:: GIVEN RECORDS ::
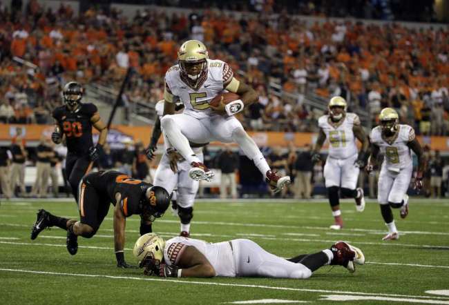Jameis Winston hurdles his way into the end zone as the Florida State Seminoles beat the Oklahoma State Cowboys.
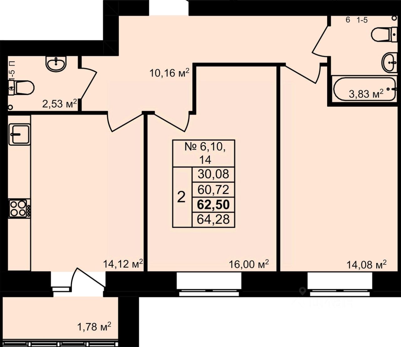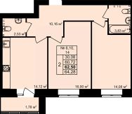 2-комн. квартира, 62,5 м²
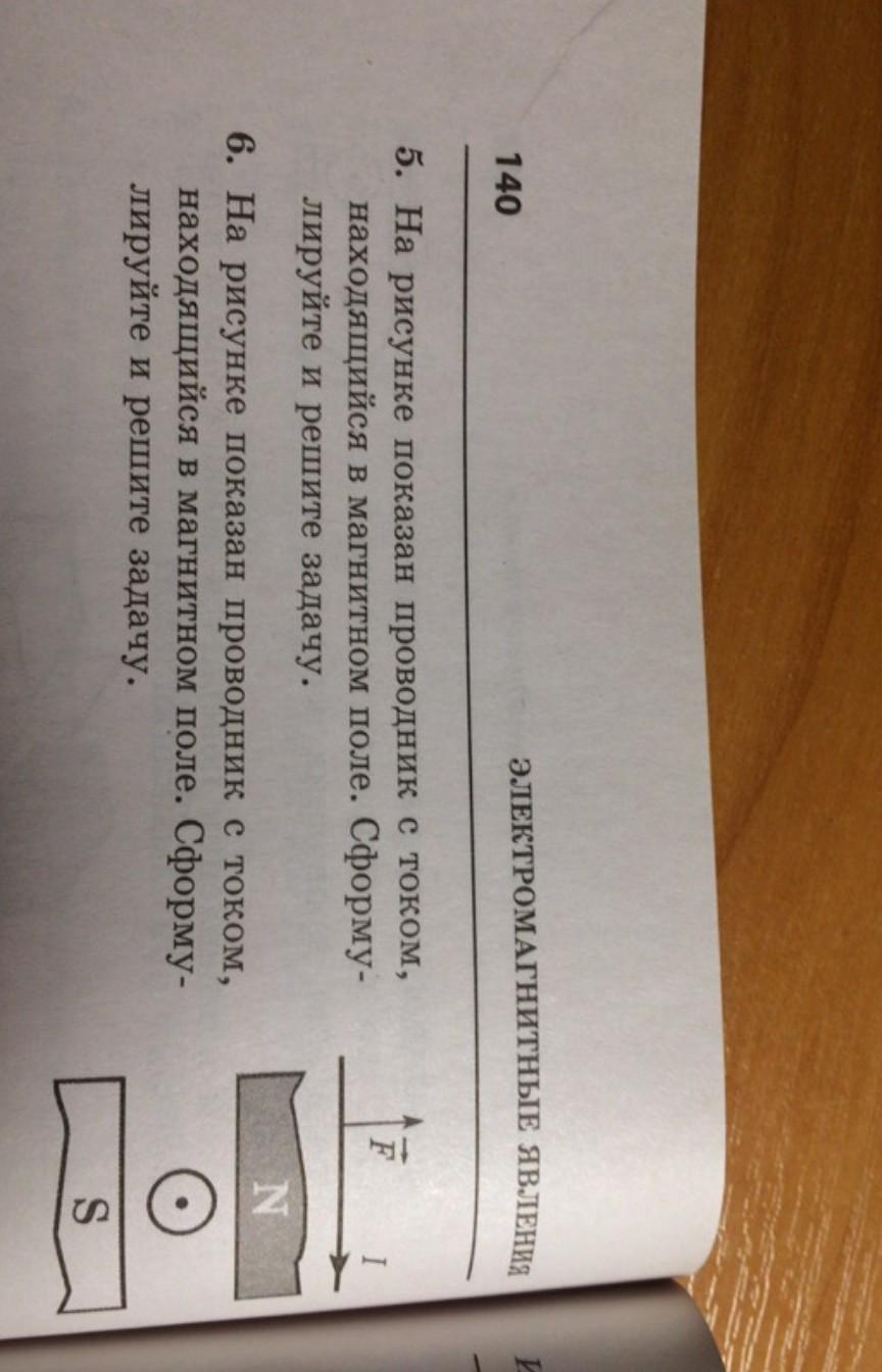 5) Определить направление линий индукции магнитного поля для указанных на рисунке направления тока в проводнике и силы, действующей на проводник.
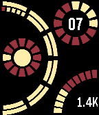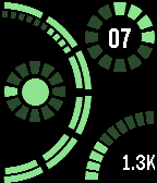 Time is displayed on the left side of watchface. Big arc displays minutes, large segments equals 5 minutes. Minutes continue from top to bottom on outer arc for mintues 1 through 30 and bottom to top for minutes 31 through 59. Smaller circle indicates hour. Example: 9:33 Inner circle indicates bluetooth connection. Vibrates on connect/disconnect. Upper-right circle indicates date. Outer circle for month, inner digits for date. Example: 5 April Bottom-right arc indicates battery level. Example: 80%. Inside arc, step counter displayed per thousands of steps. Color scheme is now customizable via configuration screen.
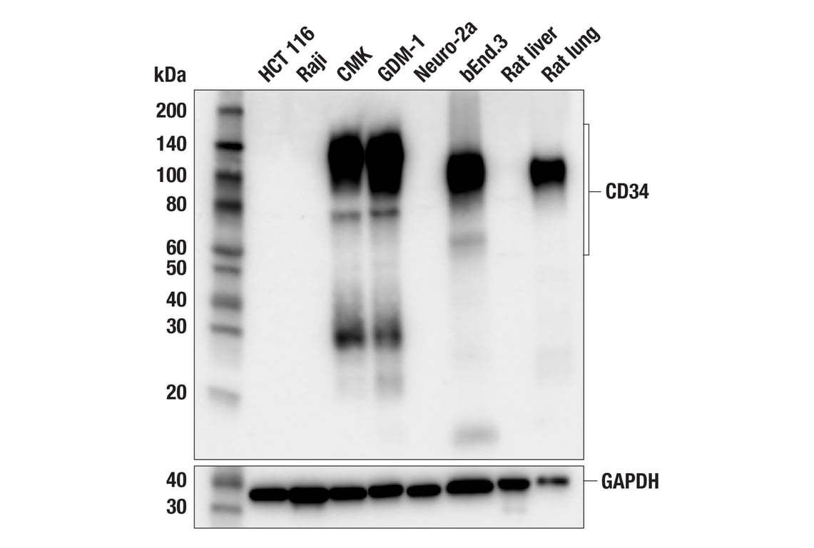 CD34 (F3Q8F) Rabbit mAb recognizes endogenous levels of total CD34 protein.
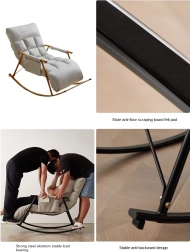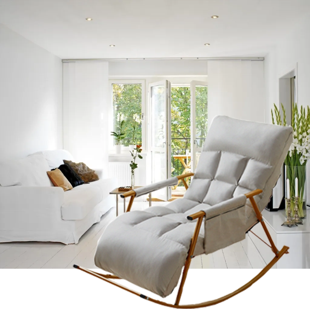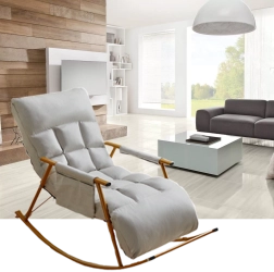 Toto moderní houpací křeslo kombinuje čistý design a vysoký komfort. Měkké čalounění z PP bavlny (polyester) příjemně obejme tělo, zatímco stabilní ocelový rám a odolná zlatá základna zajišťují bezpečné a plynulé houpání. Díky skládací konstrukci jej snadno uložíte, když zrovna odpočíváte jinde.
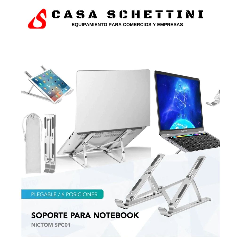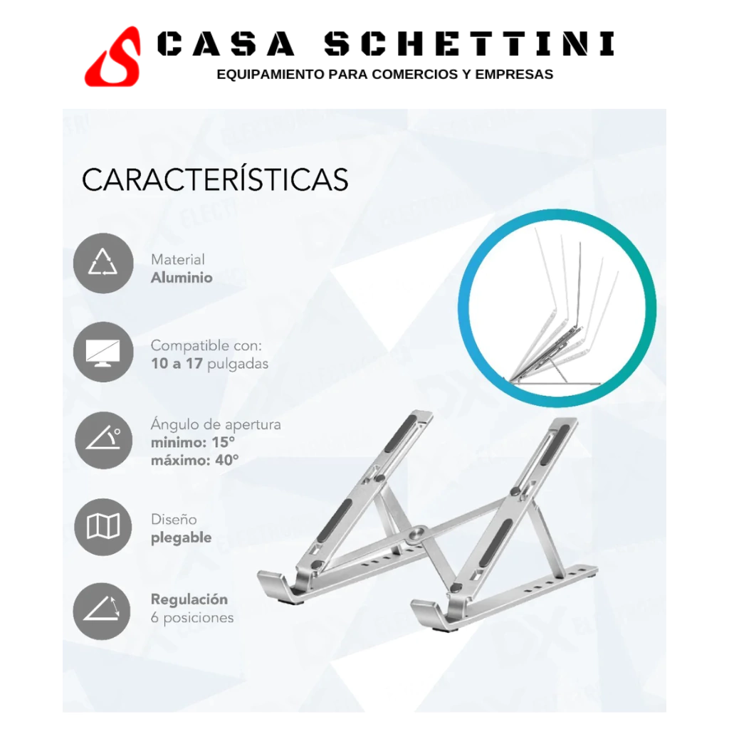 Este soporte para notebook es ideal para largas jornadas de trabajo frente a nuestra computadora, permite mejorar la postura y así evitar dolores cervicales y de espalda. Brinda la posibilidad de ajustar el ángulo de inclinación y mejorar la refrigeración del equipo. Además de ser encastrable lo que lo vuelve muy compacto y fácil de transportar.
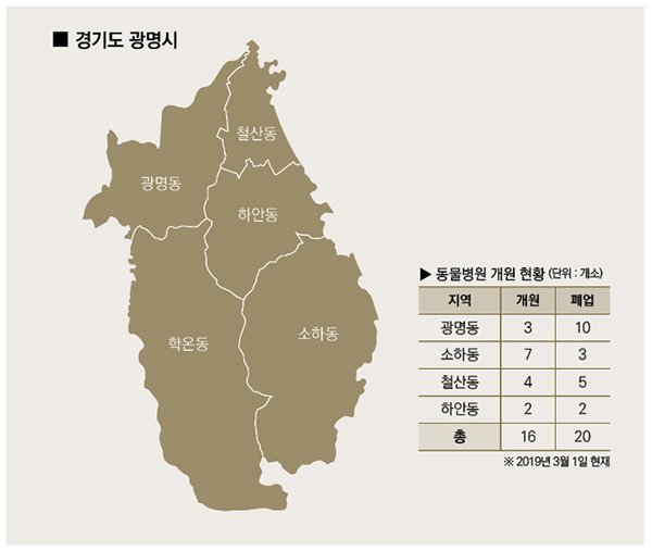 광명시는 1991년 처음 동물병원이 개원한 이례 2019년 3월 1일 현재까지 66%에 달하는 20개소 동물병원이 폐업하고, 16개의 동물병원이 개원해 있다. 개원한 동물병원의 절반 이상이 폐업을 신청했을 정도로 개원에 어려움을 겪는 지역이다.
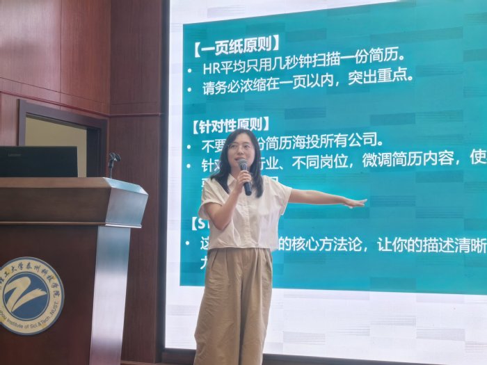 随后,新东方泰州学校招聘经理佴蕾围绕简历制作、面试技巧、核心竞争力等方面展开系统讲解。详细讲解了一页纸原则、针对性原则及STAR原则,指导同学们如何清晰、有说服力地展现个人经历与能力。在面试技巧环节,她提醒同学们提前研究企业与岗位,准备结构化自我介绍,并运用STAR原则梳理个人故事库,做到有备而来、自信表达。鼓励同学们以积极心态面对求职挑战,通过真实经历展现自身潜力。
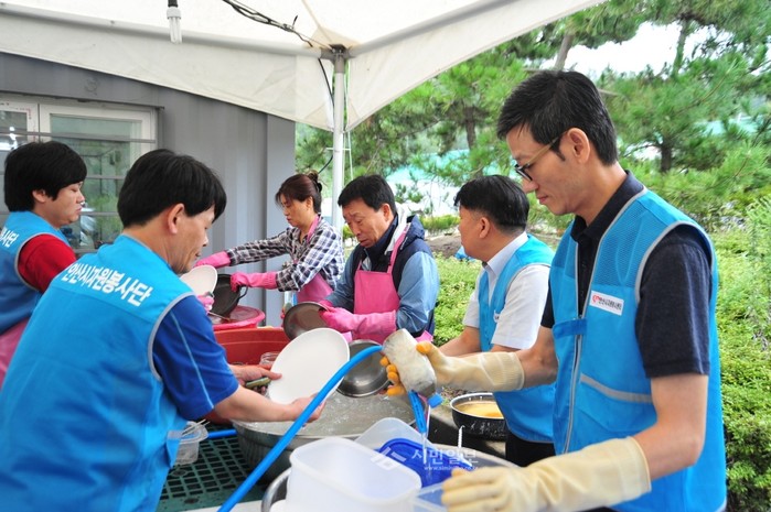 제종길 경기 안산시장은 지난 8월29일부터 이달 1일까지 4일 동안 여름휴가를 반납하고 부인 임미정 여사와 함께 진도로 내려가 봉사활동을 하며 지역민들에게 감사함을 표시했다. (사진제공=안산시청)

:: EXERCISE BRIEF ::
Write out again exactly the lines above from the one with "Time is displayed" through the one with "Toto moderní houpací", adding no other lines and no pictures.

:: OUTPUT BELOW ::
 Time is displayed on the left side of watchface. Big arc displays minutes, large segments equals 5 minutes. Minutes continue from top to bottom on outer arc for mintues 1 through 30 and bottom to top for minutes 31 through 59. Smaller circle indicates hour. Example: 9:33 Inner circle indicates bluetooth connection. Vibrates on connect/disconnect. Upper-right circle indicates date. Outer circle for month, inner digits for date. Example: 5 April Bottom-right arc indicates battery level. Example: 80%. Inside arc, step counter displayed per thousands of steps. Color scheme is now customizable via configuration screen.
 CD34 (F3Q8F) Rabbit mAb recognizes endogenous levels of total CD34 protein.
 Toto moderní houpací křeslo kombinuje čistý design a vysoký komfort. Měkké čalounění z PP bavlny (polyester) příjemně obejme tělo, zatímco stabilní ocelový rám a odolná zlatá základna zajišťují bezpečné a plynulé houpání. Díky skládací konstrukci jej snadno uložíte, když zrovna odpočíváte jinde.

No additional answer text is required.